FFIO has been deployed successfully with several HPC applications such as Nastran and Abaqus. In a recent customer benchmark, an eight-way Abaqus throughput job ran approximately twice as fast when FFIO was used. The FFIO cache used 16 megabyte pages (that is, page_size = 4096) and the cache size was 8.0 gigabytes. As a rule of thumb, it was determined that setting the FFIO cache size to roughly 10-15% of the disk space required by Abaqus yielded reasonable I/O performance. For this benchmark, the FF_IO_OPTS environment variable was defined by:
setenv FF_IO_OPTS '*.fct *.opr* *.ord *.fil *.mdl* *.stt* *.res *.sst *.hdx *.odb* *.023 *.nck* *.sct *.lop *.ngr *.elm *.ptn* *.stp* *.eig *.lnz* *.mass *.inp* *.scn* *.ddm *.dat* fort*(eie.direct.nodiag.mbytes:4096:512:6:1:1:0,event.summary.mbytes.notrace)' |
For the MPI version of Abaqus, different caches were specified for each MPI rank, as follows:
setenv FF_IO_OPTS_RANK0 '*.fct *.opr* *.ord *.fil *.mdl* *.stt* *.res *.sst *.hdx *.odb* *.023 *.nck* *.sct *.lop *.ngr *.ptn* *.stp* *.elm *.eig *.lnz* *.mass *.inp *.scn* *.ddm *.dat* fort*(eie.direct.nodiag.mbytes:4096:512:6:1:1:0,event.summary.mbytes.notrace)' setenv FF_IO_OPTS_RANK1 '*.fct *.opr* *.ord *.fil *.mdl* *.stt* *.res *.sst *.hdx *.odb* *.023 *.nck* *.sct *.lop *.ngr *.ptn* *.stp* *.elm *.eig *.lnz* *.mass *.inp *.scn* *.ddm *.dat* fort*(eie.direct.nodiag.mbytes:4096:16:6:1:1:0,event.summary.mbytes.notrace)' setenv FF_IO_OPTS_RANK2 '*.fct *.opr* *.ord *.fil *.mdl* *.stt* *.res *.sst *.hdx *.odb* *.023 *.nck* *.sct *.lop *.ngr *.ptn* *.stp* *.elm *.eig *.lnz* *.mass *.inp *.scn* *.ddm *.dat* fort*(eie.direct.nodiag.mbytes:4096:16:6:1:1:0,event.summary.mbytes.notrace)' setenv FF_IO_OPTS_RANK3 '*.fct *.opr* *.ord *.fil *.mdl* *.stt* *.res *.sst *.hdx *.odb* *.023 *.nck* *.sct *.lop *.ngr *.ptn* *.stp* *.elm *.eig *.lnz* *.mass *.inp *.scn* *.ddm *.dat* fort*(eie.direct.nodiag.mbytes:4096:16:6:1:1:0,event.summary.mbytes.notrace)' |
By specifying the .trace option as part of the event parameter the user can enable the event tracing feature in FFIO, as follows:
setenv FF_IO_OPTS 'test*(eie.direct.mbytes:4096:128:6:1:1:0, event.summary.mbytes.trace )' |
This option generates files of the form ffio.events.pid for each process that is part of the application. By default, event files are placed in /tmp but this destination can be changed by setting the FFIO_TMPDIR environment variable. These files contain time stamped events for files using the FFIO cache and can be used to trace I/O activity (for example, I/O sizes and offsets).

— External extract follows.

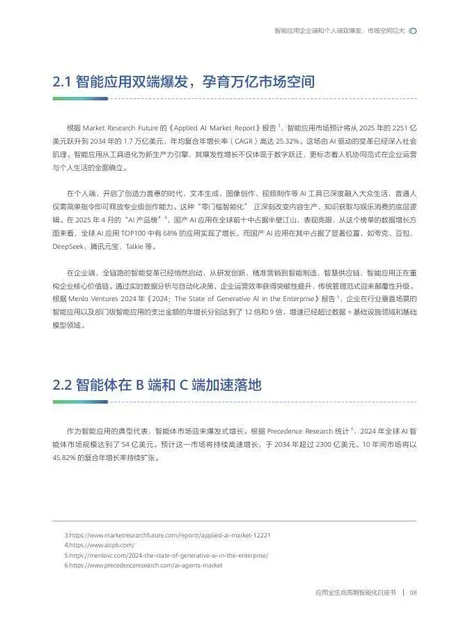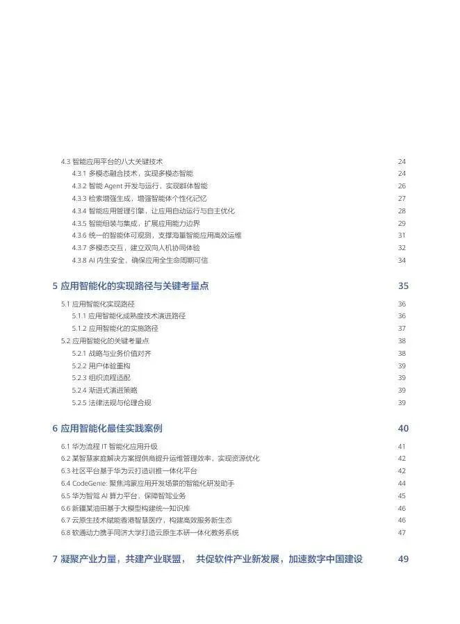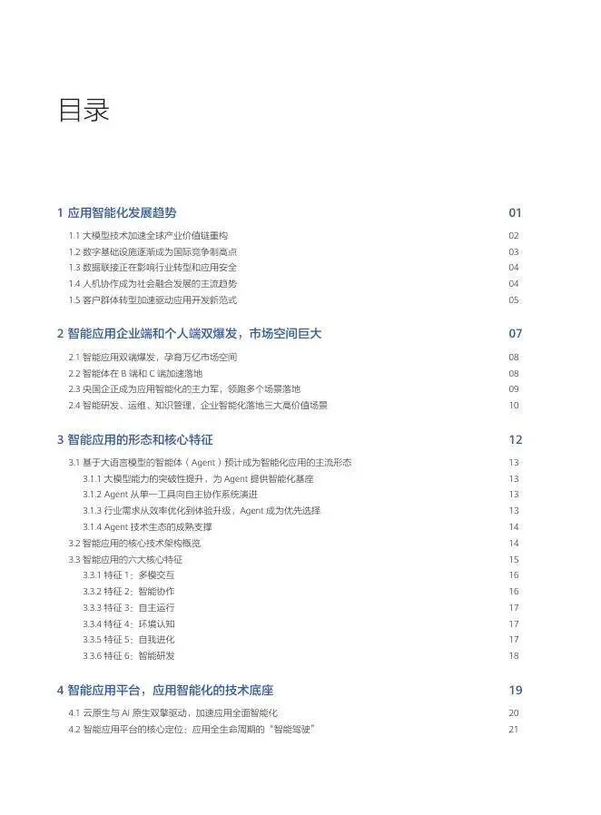 当前,以大模型和智能体为代表的人工智能技术正驱动新一轮产业变革,推动应用架构从功能自动化向认知智能化 跃迁。本白皮书系统阐述应用智能化的框架、关键技术、和实现路径,旨在帮助企业应对应用智能化三大核心挑战:

The SGI ProPack 5 Service Pack 1 release provided the first stable version of FFIO. Applications written in C, C++, and Fortran are supported. C and C++ applications can be built with either the Intel or gcc compiler. Only Fortran codes built with the Intel compiler will work.
The following restrictions on FFIO must also be observed:
The FFIO implementation of pread/ pwrite is not correct (the file offset advances).
Do not use FFIO to do I/O on a socket.
Do not link your application with the librt asynchronous I/O library.
Calls that operate on files in /proc, /etc, and /dev are not intercepted by FFIO.
Calls that operate on stdin, stdout, and stderr are not intercepted by FFIO.
FFIO is not intended for generic I/O applications such as vi, cp, or mv, and so on.